A POST-IMPRESSIONIST

     Peter Wilson, A.R.A.,
     In his small atelier,
     Studied Continental Schools,
     Drew by Academic rules.
     So he made his bid for fame,
     But no golden answer came,
     For the fashion of his day
     Chanced to set the other way,
     And decadent forms of Art
     Drew the patrons of the mart.

     Now this poor reward of merit
     Rankled so in Peter's spirit,
     It was more than he could bear;
     So one night in mad despair
     He took his canvas for the year
     ("Isle of Wight from Southsea Pier"),
     And he hurled it from his sight,
     Hurled it blindly to the night,
     Saw it fall diminuendo
     From the open lattice window,
     Till it landed with a flop
     On the dust-bin's ashen top,
     Where, 'mid damp and rain and grime,
     It remained till morning time.

     Then when morning brought reflection,
     He was shamed at his dejection,
     And he thought with consternation
     Of his poor, ill-used creation;
     Down he rushed, and found it there
     Lying all exposed and bare,
     Mud-bespattered, spoiled, and botched,
     Water sodden, fungus-blotched,
     All the outlines blurred and wavy,
     All the colours turned to gravy,
     Fluids of a dappled hue,
     Blues on red and reds on blue,
     A pea-green mother with her daughter,
     Crazy boats on crazy water
     Steering out to who knows what,
     An island or a lobster-pot?

     Oh, the wretched man's despair!
     Was it lost beyond repair?
     Swift he bore it from below,
     Hastened to the studio,
     Where with anxious eyes he studied
     If the ruin, blotched and muddied,
     Could by any human skill
     Be made a normal picture still.

     Thus in most repentant mood
     Unhappy Peter Wilson stood,
     When, with pompous face, self-centred,
     Willoughby the critic entered —
     He of whom it has been said
     He lives a century ahead —
     And sees with his prophetic eye
     The forms which Time will justify,
     A fact which surely must abate
     All longing to reincarnate.

     "Ah, Wilson," said the famous man,
     Turning himself the walls to scan,
     "The same old style of thing I trace,
     Workmanlike but commonplace.
     Believe me, sir, the work that lives
     Must furnish more than Nature gives.
     'The light that never was,' you know,
     That is your mark — but here,   hullo!
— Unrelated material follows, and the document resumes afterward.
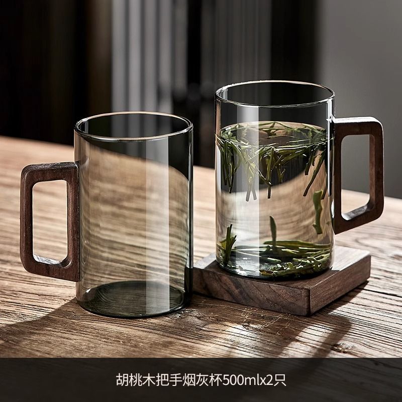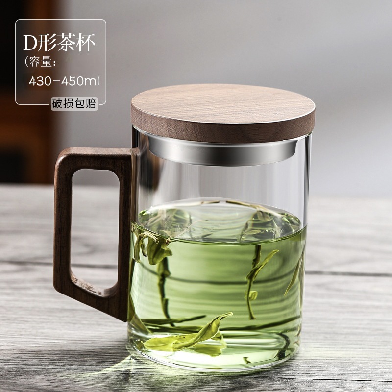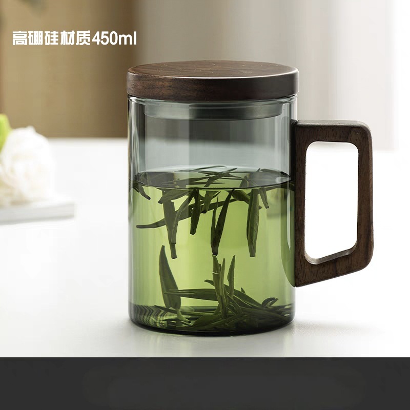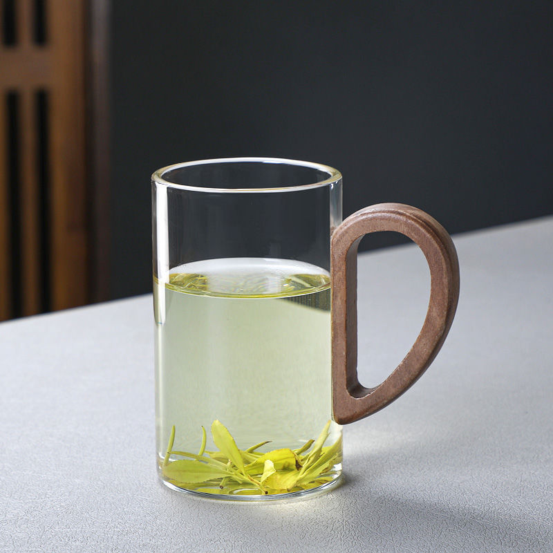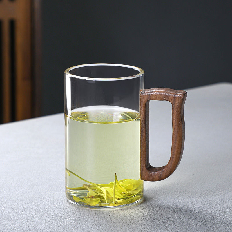 새로운 나무 손잡이 녹차 컵 고온 저항 유리 남자 사무실 다도 차 컵 개인 유리 도매스토어 가기

     What's this? What's this? Magnificent!
     I've wronged you, Wilson! I repent!
     A masterpiece! A perfect thing!
     What atmosphere! What colouring!
     Spanish Armada, is it not?
     A view of Ryde, no matter what,
     I pledge my critical renown
     That this will be the talk of Town.
     Where did you get those daring hues,
     Those blues on reds, those reds on
        blues?
     That pea-green face, that gamboge sky?
     You've far outcried the latest cry—
     Out Monet-ed Monet.   I have said
     Our Art was sleeping, but not dead.
     Long have we waited for the Star,
     I watched the skies for it afar,
     The hour has come—and here you are."

     And that is how our artist friend
     Found his struggles at an end,
     And from his little Chelsea flat
     Became the Park Lane plutocrat.
     'Neath his sheltered garden wall
     When the rain begins to fall,
     And the stormy winds do blow,
     You may see them in a row,
     Red effects and lake and yellow
     Getting nicely blurred and mellow.
     With the subtle gauzy mist
     Of the great Impressionist.
     Ask him how he chanced to find
     How to leave the French behind,
     And he answers quick and smart,
     "English climate's best for Art."